I stared at her, every muscle in my body wound so tight I thought I might snap. “Where the hell did it go then? I put it on your desk. Right next to your sketchbook, under that dumb ceramic giraffe you used as a paperweight.”

She blinked rapidly, her face pale in the moonlight. Then slowly, her mouth opened like she might speak but nothing came.

I sat still, a chill passing over me. And then, the thought hit.

“You were out of the house when I snuck in through your window and dropped the note off. Was your mom home that day?”

Her head snapped toward me. “What?”

“Your mom.” My voice was low but urgent now. “She never liked me. She always said I’d hold you back. That I wasn’t serious enough about my future. You don’t think she saw the letter and—”

“Landon, no.” Kira’s eyes narrowed. “Don’t do that. Don’t drag my mom into this.”

“I’m not dragging anyone,” I said carefully, watching her expression tighten. “I’m just saying it makes sense. The letter didn’t vanish into thin air. Someone had to move it.”

She stood up suddenly, brushing invisible dust from her jeans. “She wouldn’t do that.”

“She could have,” I countered, rising to my feet too. “Maybe she thought she was protecting you. Maybe she thought she was saving you from me.”

“No,” she snapped. “My mom’s not perfect, but she wouldn’t manipulate something like that. You’re just looking for someone to blame.”

I stepped back, the distance between us growing again. “I’m not trying to blame anyone.
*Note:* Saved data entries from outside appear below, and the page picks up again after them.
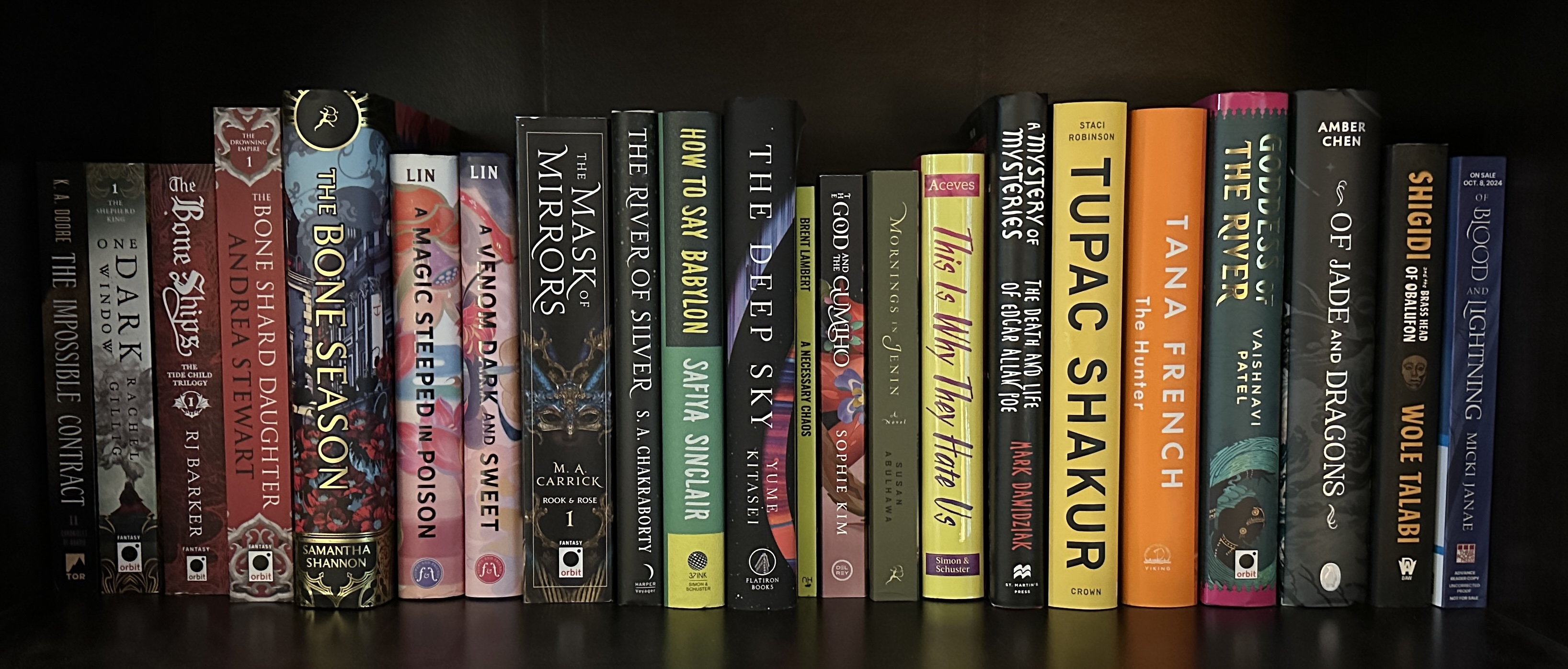 You’ll notice two things about this image: first, that none of these books were on the shelf last month, and second, that I have obviously dropped my “don’t buy new books unless they’re part of a series I already have” rule entirely as of June. Also, there are three different books on the shelf with the word “bone” in them, which entertains me quite a lot.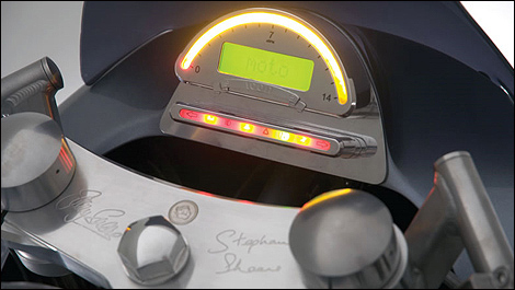 | Fururistic programmable display and warning lights, and dedication signature from Stephanie Sheene, Barry's long-time friend and wife. (Photo: Iconsheene.com) |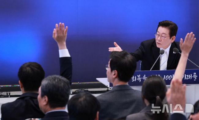 [서울=뉴시스] 고범준 기자 = 이재명 대통령이 11일 청와대 영빈관에서 열린 취임 100일 기자회견 '회복을 위한 100일, 미래를 위한 성장'에서 취재진 질문을 받고 있다. 2025.09.11. bjko@newsis.com [사진 영상 제보받습니다] 공감언론 뉴시스가 독자 여러분의 소중한 제보를 기다립니다. 뉴스 가치나 화제성이 있다고 판단되는 사진 또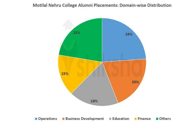 Motilal Nehru College has a strong alumni network across the globe. They are working across different sectors such as Education, Business Development, Consulting and more. Out of all the sectors, a total of 24% of alumni are working in the Operations sector. Apart from this, 20% and 18% of alumni are working in Business Development and Education sectors, respectively. The detailed sector-wise alumni placement record is shown below: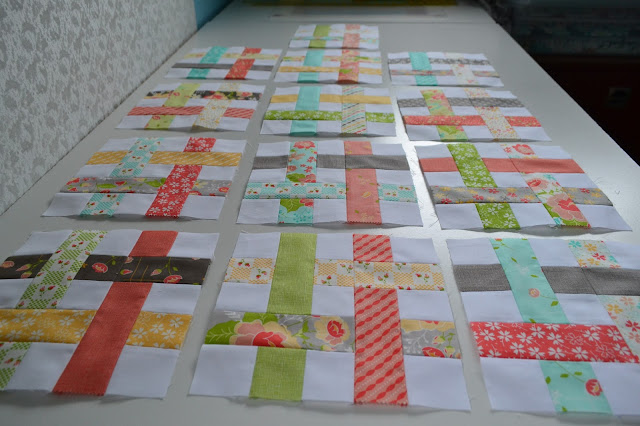 The blocks were super easy to make. And I love how each one shows off these fabrics from the Lulu Lane collection by Corey Yoder. The blocks remind me of a hashtag! So fun!
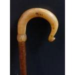 A hickory shepherd's crook, 130cm in length with a horn handle.
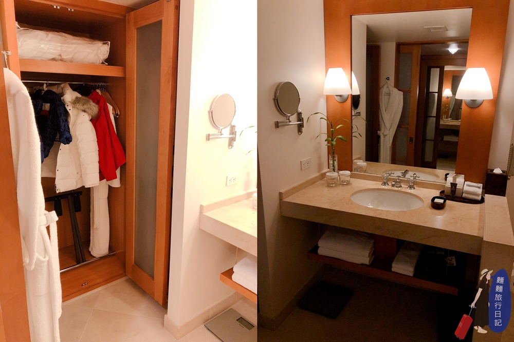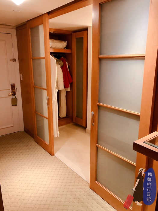 衣櫃裡面有行李架,旁邊就是洗手台囉!是單洗面台,房間裡都是木頭跟大理石做搭配,所以整體的感覺會是乾淨簡約的風格。

I’m trying to understand what happened. Don’t you want to know why we fell apart?”

“You are the reason we fell apart, Landon,” she said, voice brittle.

She turned toward the edge of the rooftop, wrapping her arms around herself. The wind picked up, rustling the takeout containers we’d forgotten beside the blanket.

“Coming here was a bad idea,” she whispered.

Panic laced my chest. “What?”

Kira pressed her fingers to her temples. “I don’t know what I was thinking. I could never be just friends with you, and this was the reminder I needed of why we can’t be anything more either.”

“Don’t say that.” I reached for her, but she pulled away. Something in me cracked. “Stay. We can talk—”

“No.” Kira turned to go, and all I could do was watch. “Just give me some space, okay?”

We’ve already had seven years of space, was what I wanted to say. Instead, I watched her descend the steps, leaving me alone once again.